Records supplied —
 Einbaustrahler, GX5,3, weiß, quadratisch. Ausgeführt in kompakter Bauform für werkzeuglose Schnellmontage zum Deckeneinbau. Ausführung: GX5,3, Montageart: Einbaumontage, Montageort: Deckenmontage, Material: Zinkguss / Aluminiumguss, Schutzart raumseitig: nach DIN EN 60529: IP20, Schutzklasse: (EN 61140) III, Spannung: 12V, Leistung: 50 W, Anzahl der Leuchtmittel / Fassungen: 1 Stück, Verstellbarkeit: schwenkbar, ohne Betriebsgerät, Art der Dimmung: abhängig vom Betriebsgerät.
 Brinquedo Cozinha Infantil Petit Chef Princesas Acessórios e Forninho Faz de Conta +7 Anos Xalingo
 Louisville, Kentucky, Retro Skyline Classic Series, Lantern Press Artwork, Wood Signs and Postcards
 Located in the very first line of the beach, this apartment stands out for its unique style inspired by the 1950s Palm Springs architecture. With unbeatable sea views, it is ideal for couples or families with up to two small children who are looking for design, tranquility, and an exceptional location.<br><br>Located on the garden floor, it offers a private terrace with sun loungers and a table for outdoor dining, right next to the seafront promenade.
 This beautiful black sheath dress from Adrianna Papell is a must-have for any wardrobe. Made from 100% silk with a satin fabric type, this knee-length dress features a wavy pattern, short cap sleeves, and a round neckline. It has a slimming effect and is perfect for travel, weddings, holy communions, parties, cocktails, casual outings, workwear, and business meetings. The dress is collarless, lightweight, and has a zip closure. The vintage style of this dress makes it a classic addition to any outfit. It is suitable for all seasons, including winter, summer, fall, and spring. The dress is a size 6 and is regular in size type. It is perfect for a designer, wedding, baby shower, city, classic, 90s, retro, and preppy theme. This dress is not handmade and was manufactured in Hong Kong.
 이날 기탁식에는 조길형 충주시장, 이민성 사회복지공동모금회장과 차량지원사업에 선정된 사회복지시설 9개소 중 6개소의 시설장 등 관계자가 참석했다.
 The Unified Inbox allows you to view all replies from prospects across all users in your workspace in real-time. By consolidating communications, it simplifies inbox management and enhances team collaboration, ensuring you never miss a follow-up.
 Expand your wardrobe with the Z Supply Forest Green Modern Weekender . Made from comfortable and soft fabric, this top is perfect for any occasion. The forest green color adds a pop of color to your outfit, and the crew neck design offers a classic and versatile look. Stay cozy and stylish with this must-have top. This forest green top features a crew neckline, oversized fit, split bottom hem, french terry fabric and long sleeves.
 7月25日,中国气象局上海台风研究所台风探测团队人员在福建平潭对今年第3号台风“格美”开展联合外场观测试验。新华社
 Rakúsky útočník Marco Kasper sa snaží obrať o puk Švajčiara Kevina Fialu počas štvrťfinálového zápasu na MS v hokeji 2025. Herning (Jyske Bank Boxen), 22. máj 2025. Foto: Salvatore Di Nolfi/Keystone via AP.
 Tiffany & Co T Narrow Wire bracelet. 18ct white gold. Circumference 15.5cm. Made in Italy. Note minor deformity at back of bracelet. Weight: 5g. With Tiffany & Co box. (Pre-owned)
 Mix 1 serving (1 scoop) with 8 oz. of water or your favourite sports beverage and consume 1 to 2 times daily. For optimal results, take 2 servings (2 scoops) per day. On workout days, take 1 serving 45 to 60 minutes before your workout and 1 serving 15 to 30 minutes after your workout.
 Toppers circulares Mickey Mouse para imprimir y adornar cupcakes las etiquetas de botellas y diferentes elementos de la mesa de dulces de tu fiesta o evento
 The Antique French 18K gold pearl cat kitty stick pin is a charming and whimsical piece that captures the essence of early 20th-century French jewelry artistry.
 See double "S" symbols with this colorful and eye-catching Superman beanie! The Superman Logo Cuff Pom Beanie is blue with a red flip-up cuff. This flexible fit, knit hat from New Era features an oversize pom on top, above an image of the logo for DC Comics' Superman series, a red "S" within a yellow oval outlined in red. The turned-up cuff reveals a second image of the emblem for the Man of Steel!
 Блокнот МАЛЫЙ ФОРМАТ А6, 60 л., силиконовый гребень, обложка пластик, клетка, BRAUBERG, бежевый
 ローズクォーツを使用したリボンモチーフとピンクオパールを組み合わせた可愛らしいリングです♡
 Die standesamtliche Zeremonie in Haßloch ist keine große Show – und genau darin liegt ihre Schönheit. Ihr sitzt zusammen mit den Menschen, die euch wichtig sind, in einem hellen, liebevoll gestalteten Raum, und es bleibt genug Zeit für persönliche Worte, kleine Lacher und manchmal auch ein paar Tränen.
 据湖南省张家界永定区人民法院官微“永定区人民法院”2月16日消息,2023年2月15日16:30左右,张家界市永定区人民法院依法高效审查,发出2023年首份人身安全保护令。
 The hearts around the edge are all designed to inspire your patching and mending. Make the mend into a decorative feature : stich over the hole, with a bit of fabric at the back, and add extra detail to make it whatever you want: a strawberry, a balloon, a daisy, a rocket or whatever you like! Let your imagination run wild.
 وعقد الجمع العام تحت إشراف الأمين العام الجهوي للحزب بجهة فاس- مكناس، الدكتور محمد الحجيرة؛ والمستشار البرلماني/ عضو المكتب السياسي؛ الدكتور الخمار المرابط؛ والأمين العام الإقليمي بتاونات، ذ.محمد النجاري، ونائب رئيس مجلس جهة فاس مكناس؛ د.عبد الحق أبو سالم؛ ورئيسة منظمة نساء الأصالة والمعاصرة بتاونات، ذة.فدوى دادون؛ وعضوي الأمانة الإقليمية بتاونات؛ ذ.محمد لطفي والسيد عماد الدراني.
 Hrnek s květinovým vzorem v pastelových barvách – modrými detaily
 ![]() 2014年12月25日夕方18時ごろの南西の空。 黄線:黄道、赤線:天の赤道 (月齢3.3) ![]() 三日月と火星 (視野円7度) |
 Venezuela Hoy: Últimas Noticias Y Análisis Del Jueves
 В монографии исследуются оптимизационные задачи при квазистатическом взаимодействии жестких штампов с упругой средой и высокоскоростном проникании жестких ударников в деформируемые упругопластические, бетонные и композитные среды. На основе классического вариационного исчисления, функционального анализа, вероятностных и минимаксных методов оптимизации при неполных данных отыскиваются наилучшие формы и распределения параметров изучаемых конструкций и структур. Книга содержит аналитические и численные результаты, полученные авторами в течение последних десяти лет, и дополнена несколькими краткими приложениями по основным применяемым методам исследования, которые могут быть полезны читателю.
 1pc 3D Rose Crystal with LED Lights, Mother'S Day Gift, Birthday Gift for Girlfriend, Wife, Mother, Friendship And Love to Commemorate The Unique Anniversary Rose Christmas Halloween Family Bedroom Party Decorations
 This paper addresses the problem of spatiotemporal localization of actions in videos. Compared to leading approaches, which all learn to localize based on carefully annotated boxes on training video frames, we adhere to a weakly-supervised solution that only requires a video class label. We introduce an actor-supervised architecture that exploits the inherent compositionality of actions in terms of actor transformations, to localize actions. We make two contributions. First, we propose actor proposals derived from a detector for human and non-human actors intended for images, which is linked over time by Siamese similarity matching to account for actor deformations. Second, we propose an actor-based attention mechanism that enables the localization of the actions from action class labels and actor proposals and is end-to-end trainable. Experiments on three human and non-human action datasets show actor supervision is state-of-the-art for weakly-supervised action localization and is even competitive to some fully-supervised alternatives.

Your assignment — In the entries above, count every line containing the word "Made". Write only the total.

Written response — 3